Conspiracy theories regarding the alleged health risks of 5G networks are spreading across the world. This has extended to the current COVID-19 crisis, with misinformed believers going as far as to destroy 5G masts in the UK.
These conspiracy theories have also prompted digital platforms like YouTube to reduce the reach of videos that link 5G to the coronavirus.
Despite this, unsubstantiated claims regarding the perceived health risks of 5G continue to spread online. Satellite solutions provider Q-KON said the debate on 5G has become so large that even it has received communications about the perceived health risks of 5G networks.
Despite false narratives continuing to connect 5G to health issues, including cancer and COVID-19, the evidence says this is not the case. To discuss the health ramifications of 5G, it is important to first define what is being referred to when we talk about 5G.
While the term is often used in reference to mobile networks, this is just one aspect of the greater 5G landscape. There are three main uses for 5G technology – the other two being Massive IoT and Ultra-Reliable, Low Latency Communication (URLLC).
When conspiracy theories link 5G to health concerns, however, this is usually in reference to the implementation of 5G mobile networks around the world.
How 5G affects the body
Next, it is important to understand how 5G could be perceived to be a threat. The way radiofrequency energy affects the human body is by heating our tissue. The concern, therefore, is that this energy could damage critical human tissue, causing significant health issues.
However, when transmitted at the frequencies used by 5G mobile networks, most of the radiofrequency energy is absorbed by the skin and other non-critical tissues. This means it is unlikely to cause any serious health issues to humans in the short-term.
“Radiofrequency exposure levels from current technologies result in negligible temperature rise in the human body,” the World Health Organisation (WHO) has confirmed.
It is more difficult to judge the long-term effects of the radiofrequency fields created by mobile networks on the health of humans – particularly in the case of cancer.
This is because many cancers are not detectable for years, and as mobile network technologies have only been common since the 90s, it is difficult to determine the effect these radio frequencies are having.
When it comes to cancers that become evident in a shorter time frame, however, there is little evidence to suggest that cellphone towers increase the risk of developing them.
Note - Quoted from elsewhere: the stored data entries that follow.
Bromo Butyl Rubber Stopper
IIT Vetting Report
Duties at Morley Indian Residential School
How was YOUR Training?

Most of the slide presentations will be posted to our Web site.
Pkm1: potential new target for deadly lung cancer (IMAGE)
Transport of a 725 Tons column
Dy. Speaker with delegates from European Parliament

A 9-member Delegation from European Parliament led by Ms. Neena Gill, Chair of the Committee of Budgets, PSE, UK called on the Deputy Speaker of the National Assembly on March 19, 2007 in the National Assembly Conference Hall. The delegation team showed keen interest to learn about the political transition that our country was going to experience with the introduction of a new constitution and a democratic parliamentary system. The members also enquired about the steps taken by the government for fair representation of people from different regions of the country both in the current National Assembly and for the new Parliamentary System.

Despite this, the WHO continues to conduct research into the possibility of there being health risks caused by being exposed to radio frequencies, including 5G.
5G base stations
A point often raised is that 5G networks are usually implemented on significantly higher frequency ranges than previous-generation technologies.
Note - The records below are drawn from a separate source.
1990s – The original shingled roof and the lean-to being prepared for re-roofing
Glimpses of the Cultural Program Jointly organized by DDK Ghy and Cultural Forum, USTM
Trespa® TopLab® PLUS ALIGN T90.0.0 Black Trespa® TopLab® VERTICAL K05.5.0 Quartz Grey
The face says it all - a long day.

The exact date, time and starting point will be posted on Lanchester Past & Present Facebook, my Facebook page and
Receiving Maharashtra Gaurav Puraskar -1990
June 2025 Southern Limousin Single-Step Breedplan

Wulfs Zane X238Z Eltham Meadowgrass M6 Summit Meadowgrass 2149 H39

In South Africa, for example, the golden band which networks seek for 5G is between 3,300MHz and 3,800MHz. However, 5G networks can operate on frequency levels exceeding 24GHz if necessary.
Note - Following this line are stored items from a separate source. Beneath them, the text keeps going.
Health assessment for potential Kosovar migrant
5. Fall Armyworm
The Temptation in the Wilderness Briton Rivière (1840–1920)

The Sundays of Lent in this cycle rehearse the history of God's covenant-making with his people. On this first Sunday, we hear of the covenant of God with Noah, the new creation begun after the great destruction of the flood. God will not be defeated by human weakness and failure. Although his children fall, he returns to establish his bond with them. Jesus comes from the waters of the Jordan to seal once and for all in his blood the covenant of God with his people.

While the higher frequencies used by 5G networks are often used as an argument to say that 5G networks have a more significant effect on the human body than previous-generation networks, the WHO states that the inverse is true.
“As the frequency increases, there is less penetration into the body tissues and absorption of the energy becomes more confined to the surface of the body,” said the WHO.
“Provided that the overall exposure remains below international guidelines, no consequences for public health are anticipated [with 5G].”
The penetration depth of radio frequencies is shown in the graph below.
The bigger threat
Q-KON highlighted that it should be of greater concern that users may introduce more harmful devices into their lives as a result of 5G networks.
It argues that smart wearable devices, home security, home automation, and internal Wi-Fi networks all emit radiation that is much more harmful than that which is emitted by 5G mobile base stations.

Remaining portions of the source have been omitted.